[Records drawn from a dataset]
Content starts
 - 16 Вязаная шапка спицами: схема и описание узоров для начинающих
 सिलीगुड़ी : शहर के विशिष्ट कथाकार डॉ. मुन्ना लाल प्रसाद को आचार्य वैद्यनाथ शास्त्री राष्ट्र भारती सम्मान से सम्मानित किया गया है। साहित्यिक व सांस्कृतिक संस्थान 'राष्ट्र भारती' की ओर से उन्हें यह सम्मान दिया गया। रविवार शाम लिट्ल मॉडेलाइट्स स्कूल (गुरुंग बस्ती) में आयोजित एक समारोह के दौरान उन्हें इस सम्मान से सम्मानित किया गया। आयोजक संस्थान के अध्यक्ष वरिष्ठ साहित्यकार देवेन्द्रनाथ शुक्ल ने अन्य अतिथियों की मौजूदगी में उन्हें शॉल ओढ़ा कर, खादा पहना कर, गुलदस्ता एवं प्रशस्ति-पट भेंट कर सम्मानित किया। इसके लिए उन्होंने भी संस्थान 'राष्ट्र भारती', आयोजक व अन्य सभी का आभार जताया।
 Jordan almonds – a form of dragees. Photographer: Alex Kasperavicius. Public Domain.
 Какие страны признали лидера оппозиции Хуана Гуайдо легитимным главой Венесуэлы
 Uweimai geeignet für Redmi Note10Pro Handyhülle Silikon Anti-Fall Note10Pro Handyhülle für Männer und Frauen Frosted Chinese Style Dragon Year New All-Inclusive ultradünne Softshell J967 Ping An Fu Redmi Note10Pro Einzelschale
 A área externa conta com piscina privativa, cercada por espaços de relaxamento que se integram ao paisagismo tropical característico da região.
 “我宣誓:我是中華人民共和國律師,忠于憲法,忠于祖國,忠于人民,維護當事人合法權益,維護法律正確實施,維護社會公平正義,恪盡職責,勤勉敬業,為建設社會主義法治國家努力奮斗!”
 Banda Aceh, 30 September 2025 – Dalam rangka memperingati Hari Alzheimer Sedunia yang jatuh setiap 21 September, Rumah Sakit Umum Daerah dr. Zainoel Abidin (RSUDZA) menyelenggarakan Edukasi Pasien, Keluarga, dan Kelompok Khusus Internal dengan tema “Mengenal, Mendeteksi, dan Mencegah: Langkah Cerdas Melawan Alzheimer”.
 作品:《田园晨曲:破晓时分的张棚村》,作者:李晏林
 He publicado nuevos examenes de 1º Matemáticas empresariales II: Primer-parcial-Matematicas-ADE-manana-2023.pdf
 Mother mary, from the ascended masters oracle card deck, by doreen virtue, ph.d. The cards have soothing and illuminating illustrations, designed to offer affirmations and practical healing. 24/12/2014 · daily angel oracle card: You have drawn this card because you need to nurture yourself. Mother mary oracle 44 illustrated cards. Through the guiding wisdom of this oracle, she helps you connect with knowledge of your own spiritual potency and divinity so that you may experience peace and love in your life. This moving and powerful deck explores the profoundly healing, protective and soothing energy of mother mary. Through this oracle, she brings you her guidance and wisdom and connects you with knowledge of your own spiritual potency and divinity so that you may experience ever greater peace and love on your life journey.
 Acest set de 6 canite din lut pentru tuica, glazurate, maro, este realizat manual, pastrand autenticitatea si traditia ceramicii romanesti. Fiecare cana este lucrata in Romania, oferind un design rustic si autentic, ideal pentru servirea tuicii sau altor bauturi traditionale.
Content ends
Please transcribe the lines from the one containing "作品:《田园晨曲:破晓时分的张棚村》,作者:李晏林" through the last line of the records. Include both ends and nothing else.

 作品:《田园晨曲:破晓时分的张棚村》,作者:李晏林
 He publicado nuevos examenes de 1º Matemáticas empresariales II: Primer-parcial-Matematicas-ADE-manana-2023.pdf
 Mother mary, from the ascended masters oracle card deck, by doreen virtue, ph.d. The cards have soothing and illuminating illustrations, designed to offer affirmations and practical healing. 24/12/2014 · daily angel oracle card: You have drawn this card because you need to nurture yourself. Mother mary oracle 44 illustrated cards. Through the guiding wisdom of this oracle, she helps you connect with knowledge of your own spiritual potency and divinity so that you may experience peace and love in your life. This moving and powerful deck explores the profoundly healing, protective and soothing energy of mother mary. Through this oracle, she brings you her guidance and wisdom and connects you with knowledge of your own spiritual potency and divinity so that you may experience ever greater peace and love on your life journey.
 Acest set de 6 canite din lut pentru tuica, glazurate, maro, este realizat manual, pastrand autenticitatea si traditia ceramicii romanesti. Fiecare cana este lucrata in Romania, oferind un design rustic si autentic, ideal pentru servirea tuicii sau altor bauturi traditionale.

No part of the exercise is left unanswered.